Records for the exercise:
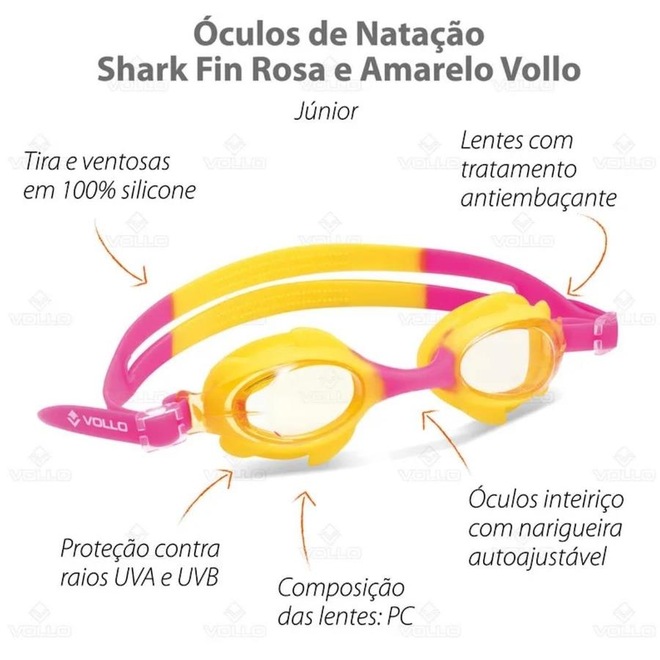Para os treinos diários de natação, os Óculos Infantil Shark Fin Vollo são excelentes aliados! Com incrível design à prova d''água, os óculos de natação garantem maior proteção aos olhos, evitando a entrada indesejada de água graças a sua vedação altamente eficaz. Com design clássico o Shark Fin, possui lentes com tratamento antiembaçante e proteção UV que proporciona ao nadador excelente desempenho durante todo o treinamento.
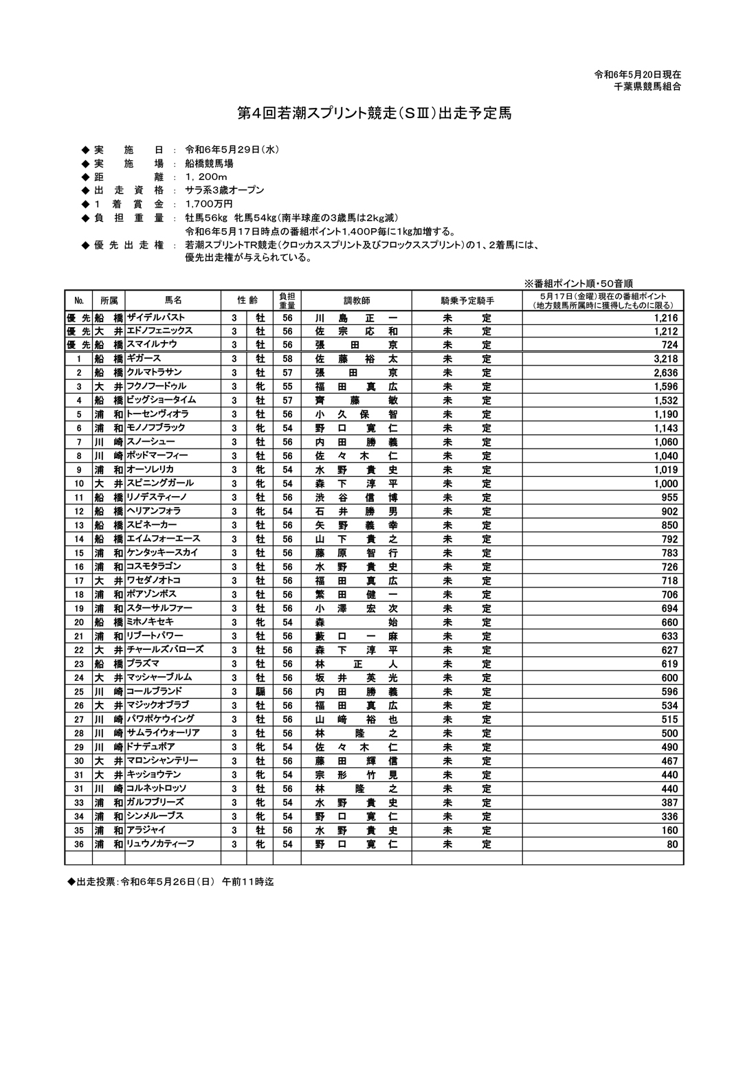 第4回若潮スプリント競走(SIII)出走予定馬(PDF)
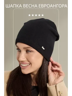 Шапка черная осенняя весенняя Бини из евроангоры с флисом
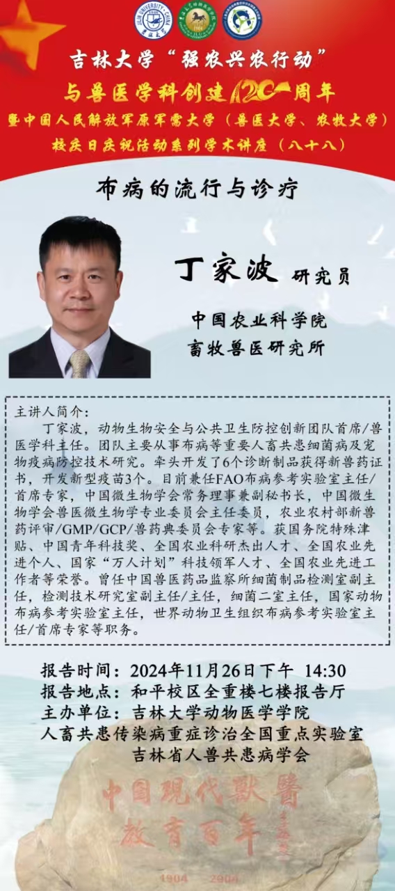 包你发 “强农兴农行动”与兽医学科创建120周年暨中国人民解放军原军需大学(兽医大学、农牧大学)校庆日庆祝活动系列学术讲座(八十八)
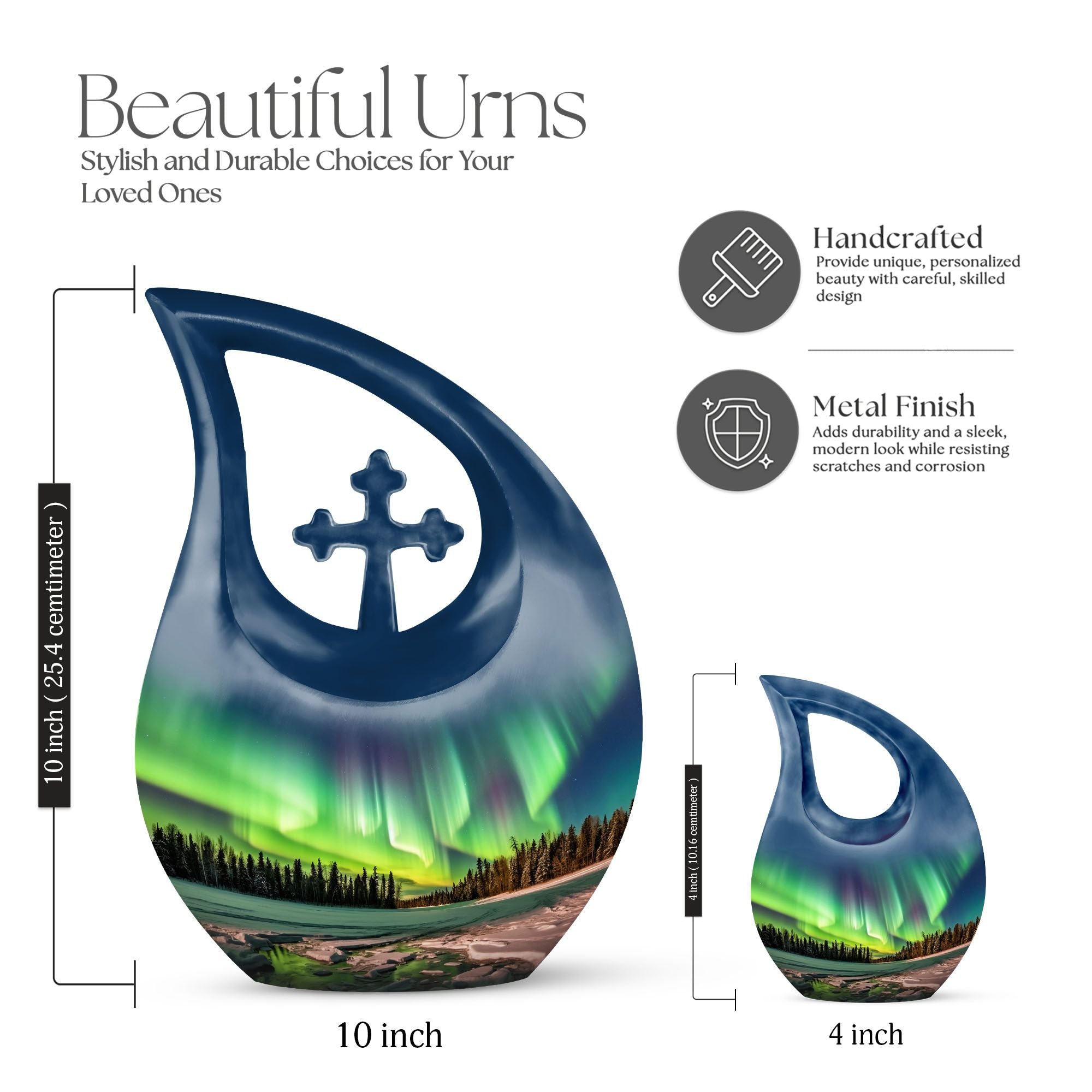 The Aurora Borealis Memorial Urn captures the breathtaking beauty of the Northern Lights, symbolizing eternal peace and the continuation of love beyond life. This exquisite piece is thoughtfully designed to help families cherish and celebrate their loved one’s memory. Perfect for those seeking urns for human ashes adult large, it serves as both a beautiful keepsake and a comforting reminder of everlasting light.
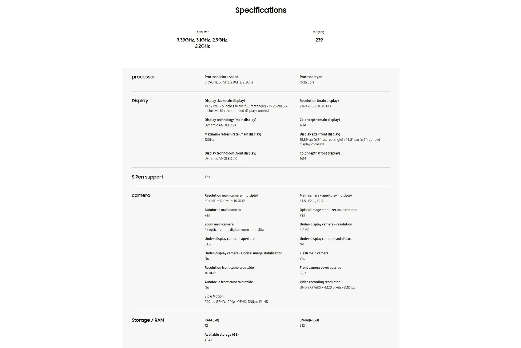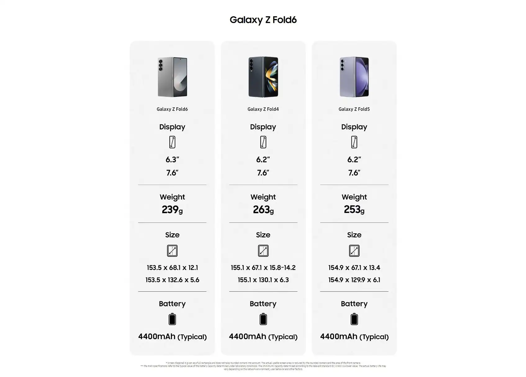 اولا، تصاویر تقریبا تایید میکنند که گلکسی زد فولد 6 یک ارتقاء تدریجی نسبت به نسل قبلی خود، یعنی زد فولد ۵ خواهد بود. به نظر میرسد تنظیمات دوربین که سامسونگ طی سه سال آن را بهروزرسانی نکرده، بدون تغییر باقی مانده است. این گوشی همچنان همان باتری ۴۴۰۰ میلیآمپر ساعتی و سرعت شارژ ۲۵ وات را حفظ میکند و حتی اندازهی نمایشگرها نیز ثابت مانده است. با این حال، تغییرات ظریفی در ابعاد گوشی وجود دارد. این گوشی کمی کوتاهتر و پهنتر (در هر دو مورد ۱ میلیمتر) از زد فولد ۵ است و مهمتر از آن، کاهش وزنی ۱۴ گرمی در آن ذکر شده است.
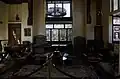 This is a very large room and is supported by four columns. Also, there are windows on all four sides of the room.
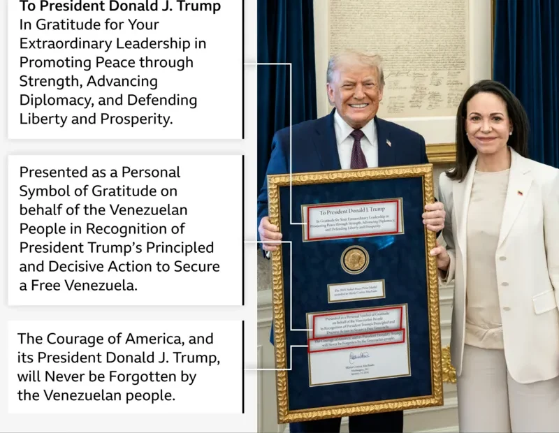 ஸ்டாக்ஹோம், ஜன.17; வெனிசுலாவின் எதிர்க்கட்சித் தலைவி… மரியா மெச்சாடோ தனது நோபல் பதக்கத்தை டிரம்பிடம் வழங்கியது சரியா? நோபல் கமிட்டியின் அதிரடி பதில்!
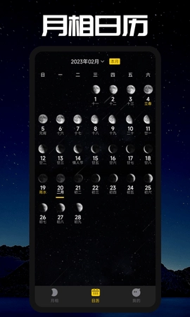 Moon这款软件不仅能展示当天的月相详情,还会同步呈现气候状况。用户只需打开软件,就能随时知晓月亮的阴晴圆缺,洞悉月相变化的规律。不管是想查询满月的精准时刻,还是想深入了解月相变化的内在逻辑,Moon都能一一满足需求。除了实用的功能外,软件内还包含了丰富的月相科普知识,用户通过浏览其中的干货教程,就能快速解开月相背后的奥秘。

What you should do: From the line that contains "اولا، تصاویر تقریبا" to the end of the material above, output every line exactly, both ends included, but leave out any pictures.

Solved exercise:
 اولا، تصاویر تقریبا تایید میکنند که گلکسی زد فولد 6 یک ارتقاء تدریجی نسبت به نسل قبلی خود، یعنی زد فولد ۵ خواهد بود. به نظر میرسد تنظیمات دوربین که سامسونگ طی سه سال آن را بهروزرسانی نکرده، بدون تغییر باقی مانده است. این گوشی همچنان همان باتری ۴۴۰۰ میلیآمپر ساعتی و سرعت شارژ ۲۵ وات را حفظ میکند و حتی اندازهی نمایشگرها نیز ثابت مانده است. با این حال، تغییرات ظریفی در ابعاد گوشی وجود دارد. این گوشی کمی کوتاهتر و پهنتر (در هر دو مورد ۱ میلیمتر) از زد فولد ۵ است و مهمتر از آن، کاهش وزنی ۱۴ گرمی در آن ذکر شده است.
 This is a very large room and is supported by four columns. Also, there are windows on all four sides of the room.
 ஸ்டாக்ஹோம், ஜன.17; வெனிசுலாவின் எதிர்க்கட்சித் தலைவி… மரியா மெச்சாடோ தனது நோபல் பதக்கத்தை டிரம்பிடம் வழங்கியது சரியா? நோபல் கமிட்டியின் அதிரடி பதில்!
 Moon这款软件不仅能展示当天的月相详情,还会同步呈现气候状况。用户只需打开软件,就能随时知晓月亮的阴晴圆缺,洞悉月相变化的规律。不管是想查询满月的精准时刻,还是想深入了解月相变化的内在逻辑,Moon都能一一满足需求。除了实用的功能外,软件内还包含了丰富的月相科普知识,用户通过浏览其中的干货教程,就能快速解开月相背后的奥秘。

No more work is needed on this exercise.